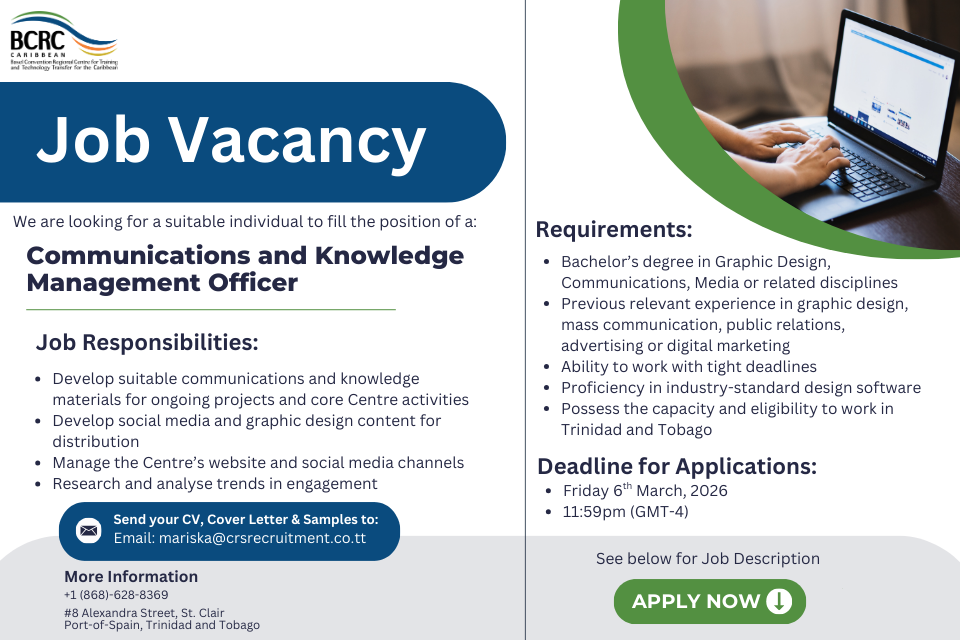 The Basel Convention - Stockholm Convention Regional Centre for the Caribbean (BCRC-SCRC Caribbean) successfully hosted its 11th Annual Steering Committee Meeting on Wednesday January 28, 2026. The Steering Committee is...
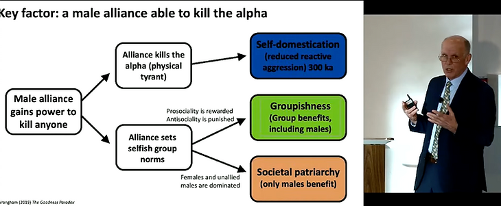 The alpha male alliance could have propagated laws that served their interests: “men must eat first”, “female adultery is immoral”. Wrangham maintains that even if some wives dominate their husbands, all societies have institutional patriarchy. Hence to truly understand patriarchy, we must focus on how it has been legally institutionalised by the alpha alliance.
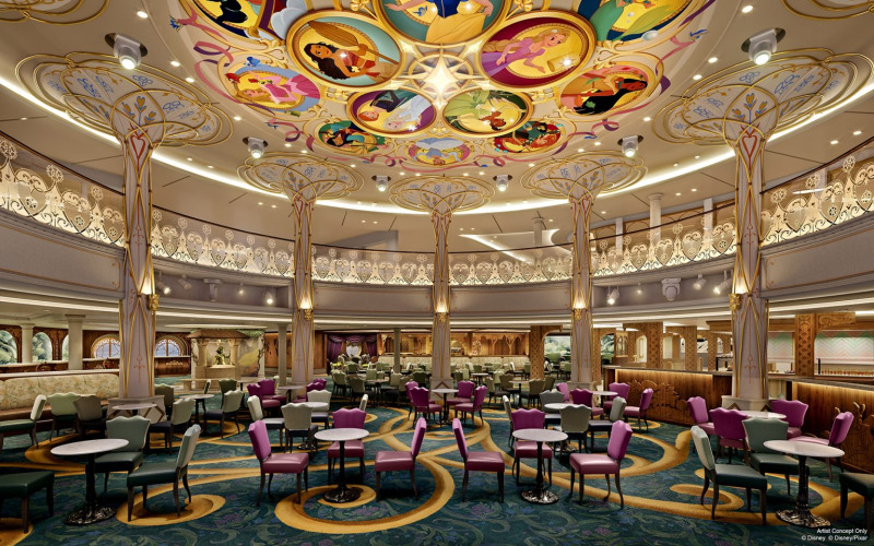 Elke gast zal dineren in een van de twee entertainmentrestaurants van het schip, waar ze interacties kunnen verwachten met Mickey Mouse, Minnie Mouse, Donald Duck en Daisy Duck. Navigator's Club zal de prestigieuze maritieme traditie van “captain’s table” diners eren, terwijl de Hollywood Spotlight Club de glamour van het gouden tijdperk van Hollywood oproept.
+++++
▸ **Goal of the exercise**
Restate the full listing word for word, excluding images.

▸ **Solution for this exercise**
 The Basel Convention - Stockholm Convention Regional Centre for the Caribbean (BCRC-SCRC Caribbean) successfully hosted its 11th Annual Steering Committee Meeting on Wednesday January 28, 2026. The Steering Committee is...
 The alpha male alliance could have propagated laws that served their interests: “men must eat first”, “female adultery is immoral”. Wrangham maintains that even if some wives dominate their husbands, all societies have institutional patriarchy. Hence to truly understand patriarchy, we must focus on how it has been legally institutionalised by the alpha alliance.
 Elke gast zal dineren in een van de twee entertainmentrestaurants van het schip, waar ze interacties kunnen verwachten met Mickey Mouse, Minnie Mouse, Donald Duck en Daisy Duck. Navigator's Club zal de prestigieuze maritieme traditie van “captain’s table” diners eren, terwijl de Hollywood Spotlight Club de glamour van het gouden tijdperk van Hollywood oproept.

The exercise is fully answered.